Wednesday, 11 September 2019

Rush to judgement

How annoying! When I got up this morning, I didn't switch my phone on until after breakfast, and so  missed the calendar alert to take the car over to N G Motors in Splott early for today's MOT text. This left me with not quite enough turn-around time to go to St Catherine's to celebrate the Eucharist. Fortunately, Clare was free and able to do this instead of me. I could just as easily have forgotten to look at a paper diary and have found Google's Calendar app an invaluable replacement in retirement now I'm no longer steered through the working week and year mostly by a set pattern of events. There's a fair amount of routine in my life even so, due to interregnum duties. Just enough to balance the freedom I also value.

Eighteen years today since the destruction of the New York Word Trade Centre towers, an event that changed the modern world irreversibly, and not for the better. It was a violent revelation of the failure of dialogue between modernity and traditional culture, festering wherever people felt marginalised and powerless, and emerging in pathological form in islamist extremism. The Gospel at the Eucharist was that of Jesus a the deaf mute man, a story which for me is chiefly about a miracle of communication which is revealed by his extraordinary ability to look at people and understand what's needed to get through to them, reaching into their isolation and setting them free. He looks, listens, then acts and speaks. He looks without prejudice, without stereotyping the other person, and this is what transforms the man's life.

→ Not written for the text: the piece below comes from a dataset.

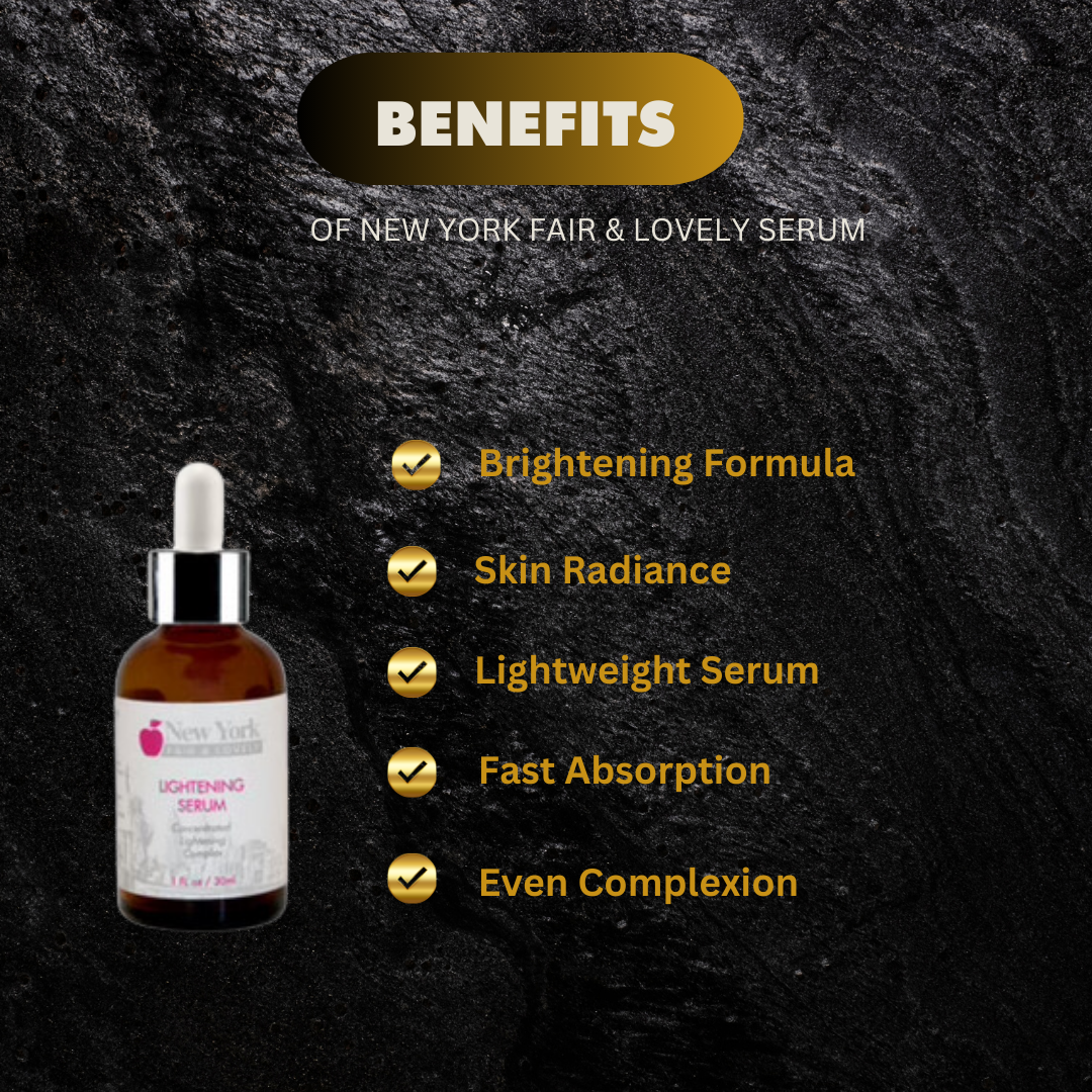 New York Fair & Lovely Serum 1 Oz Aggressively evens out skin tone, reducing skin discoloration. Vitamin “A” softens and smooths skin texture. Follow up with minimum SPF 30 Sun protection daily during and after order to prevent skin discoloration. Directions: Apply to cleansed dry skin, preferably at night. Let dry.

I arrived at church from listening to a Radio 4 feature about Amanda Knox, accused of the murder of Meredith Kercher in Perugia twelve years ago. It took eight years for Knox to be acquitted of a crime there was no forensic evidence she had a part in, and for which she was initially tried and imprisoned. Her involvement as an accomplice in the crime was attributed to her attitude when confronted by interrogators. She was out of her depth as a 20 year old, and didn't know how to react it seems. 

A psychology research project demonstrated how it's possible in a high proportion of cases to identify a guilty party under interrogation from their body language, whereas this is not so with an innocent party, whose reactions are naturally more ambiguous and influenced by confused feelings about being under examination. An interrogator may read this confusion as evidence of guilt or complicity, but it's a presumption which may not survive scrutiny. It's all down to how we look at and listen to someone, and whether we think we already know about who they are and what they think.

In this era of sound-byte news when information is over-simplified for popular consumption, it's no wonder that Britain is in such a mess of brexit. Dialogue is overwhelmed by simplistic confrontation, and extremists are pushing the country towards open conflict. Parliament is wildly condemned by some for betraying 'the people', who just want to 'get on with it', whatever that means. Parliament is struggling, despite efforts to curtail its responsibilities, to maintain dialogue in a situation of great complexity which cannot be reduced to simplicities, that take time to ensure justice for all. It's taken three years so far and may take much longer to resolve in a way that achieves true common good.

The country's most senior lawyers are considering whether Boris Johnson's proroguing of Parliament for such time is legal or not, and opinion is divided even at the highest level. What best serves the common good? is the issue behind the legal debate. How is is possible to look at this with fresh eyes, without prejudice, without vested interest, without presuming this is typical rather than unique. It's a conversation which needs to happen between people of opposing views throughout our divided land. Urgently.